There was also a day when VLANs alone were sufficient to protect organizations since attacks were few and far between. In fact, this was the original form of network segmentation, but it relies on humans acting proactively and is also somewhat reliant on static conditions.
Today, with applications increasingly interconnected and dynamic, it’s all but impossible to keep track of all of the various communications flows manually, let alone in real-time. Moreover, application span on-premises and cloud-based environments, making traditional approaches to security difficult and, often, impossible to carry out.
Why is segmentation important? It’s a known fact that hackers, once inside the network perimeter, look for opportunities to jump between systems to locate high-value targets. Although the original system that a hacker compromised may not be that important, the fact that the hacker was able to jump to your customer database turned what might have been a low impact event into something that impacts the business.
Hence, the introduction of microsegmentation.

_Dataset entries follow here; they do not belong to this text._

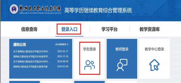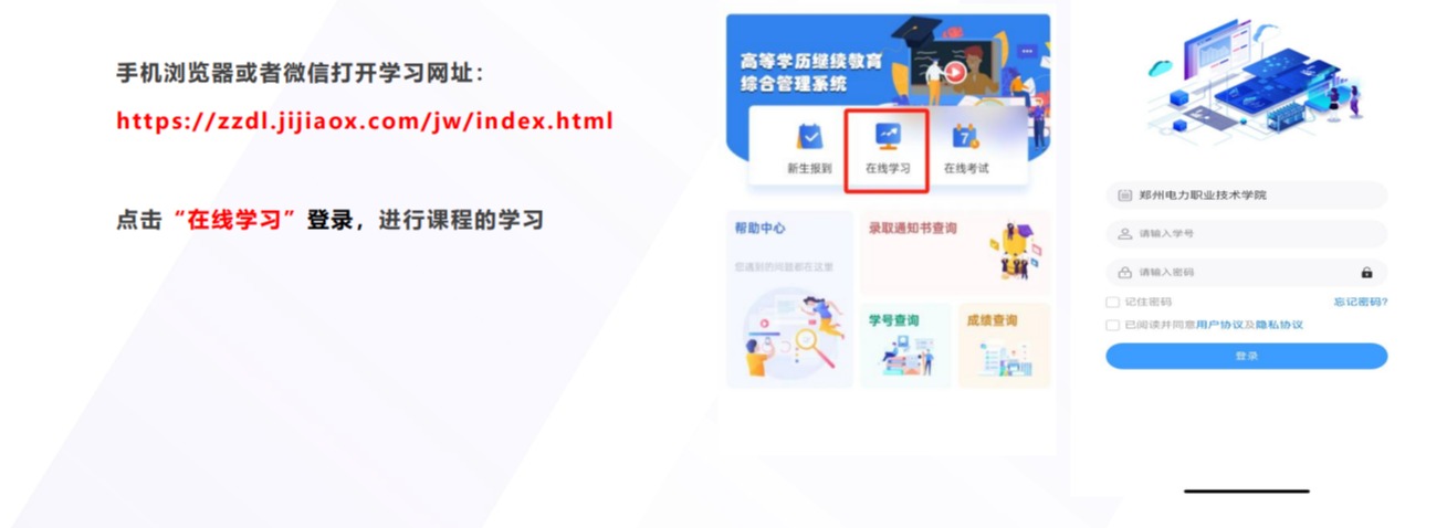 学生须登录学习平台进行网上课程学习(网址:https://zzdl.jijiaox.com/jw/index.html)。首次登录账号为学生学号(录取通知书上可查看),新生初始密码123456。 首次登录后须完善并认真核对个人信息,信息有误须立即上报班主任,由其统一报送学院更正。登录系统后可查询个人学籍、课程安排及学校通知公告等。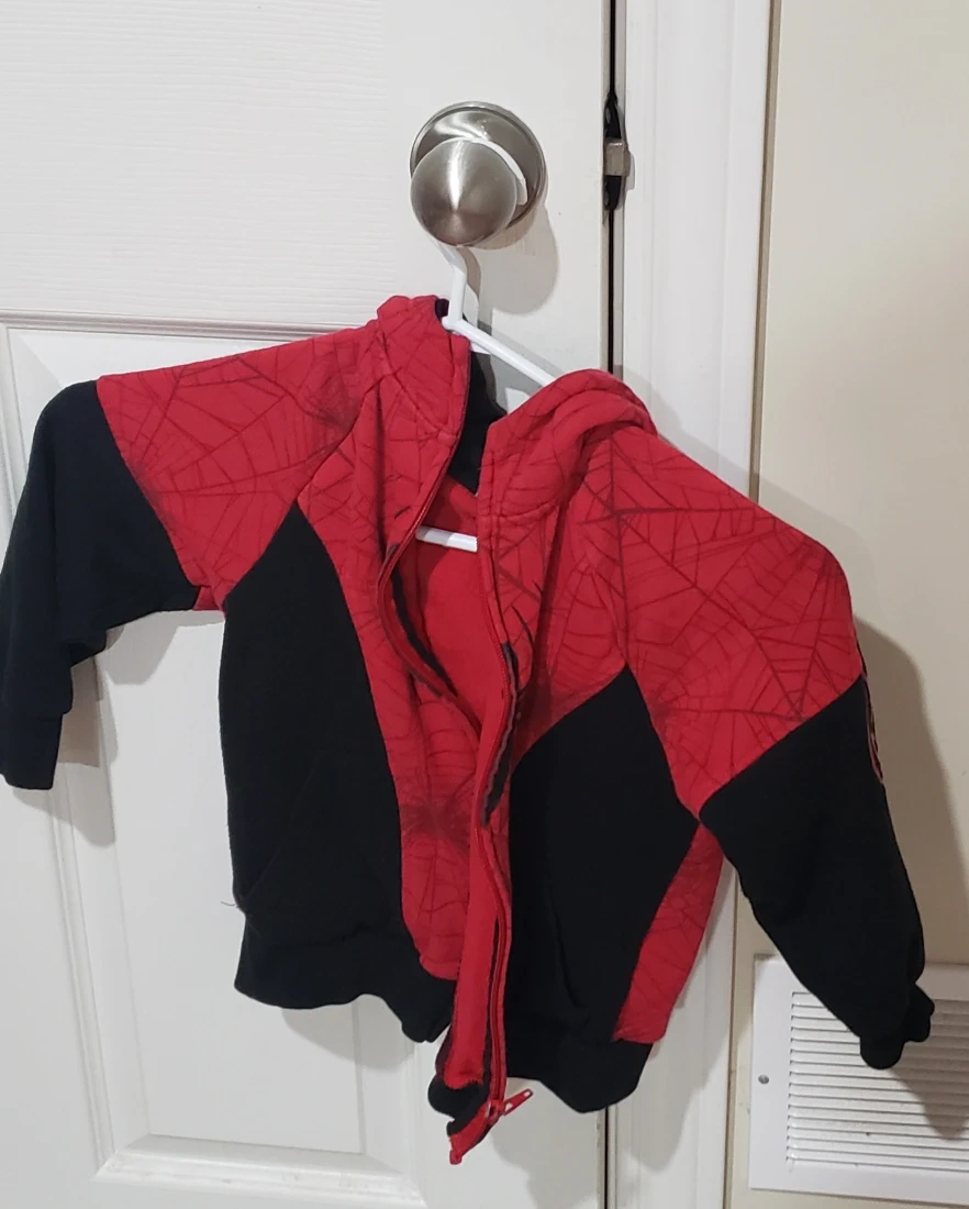 A red and black zip-up hoodie. Features a spiderweb design on the red panels. Long sleeves and a hood. Consider this hoodie for a relaxed evening at home.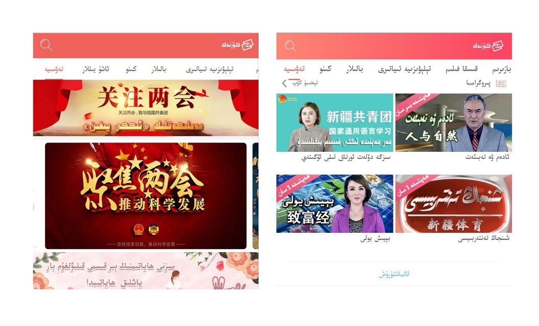 另一方面,阔孜纳克(Koznak)紧跟时代步伐,是本地群众获取生活信息,与国家文化、国际接轨的有效途径之一。阔孜纳克(Koznak)坚持弘扬社会主义核心价值观、传递祖国的盛世凯歌,第一时间以视频的形式传达国家会议的精神、对国内重大事件进行跟进。如在两会期间,阔孜纳克(Koznak)设立专门的栏目对两会议程相关的信息及时更新,让新疆民语用户及时把握祖国政策的前沿动态,了解自己关心的民生问题,广受用户好评。

In simple terms, microsegmentation refers to what are essentially massively distributed rulesets that run on hosts or on endpoints, or combinations of the two. In its original form, microsegmentation services built comprehensive network maps that tracked network communications traffic to help administrators gain awareness of how their applications interact and to identify traffic patterns that were needed so that rules could be implemented to block anomalous traffic.
But there’s still a problem with microsegmentation. The technology does a fantastic job at blocking traffic based on address and port combinations, but that doesn’t mean that a pathway from an external person to a high-value internal resource doesn’t exist.
In fact, it’s this pathway concern that is driving the next iteration of microsegmentation.
In a conversation I had recently with Edgewise Networks, Peter Smith, the company’s founder, discussed with me the ways by which Edgewise is taking microsegmentation to the next level by inserting itself deep into the network stack on every host and learning about application-to-application – not device-to-device – communication patterns. Whereas an address/port-centric microsegmentation or even application firewall solution might not always be able to block a telnet connection being made over an unauthorized port, Edgewise’s machine learning algorithm will block such access because it’s not characteristic of the unique baseline operational state of that specific customer environment. It knows exactly which specific executables on Windows hosts, for example, are supposed to be communicating with which processes on other Linux hosts. The granularity and dynamic nature of what Edgewise is doing is something that humans simply can’t replicate, hence its machine learning-centric architecture.
You’ll be learning more about Edgewise Networks from James Green during an upcoming 10onTech podcast and a demo of the platform with David Davis, so keep watch. In the meantime, to learn more about Edgewise, visit www.edgewise.net.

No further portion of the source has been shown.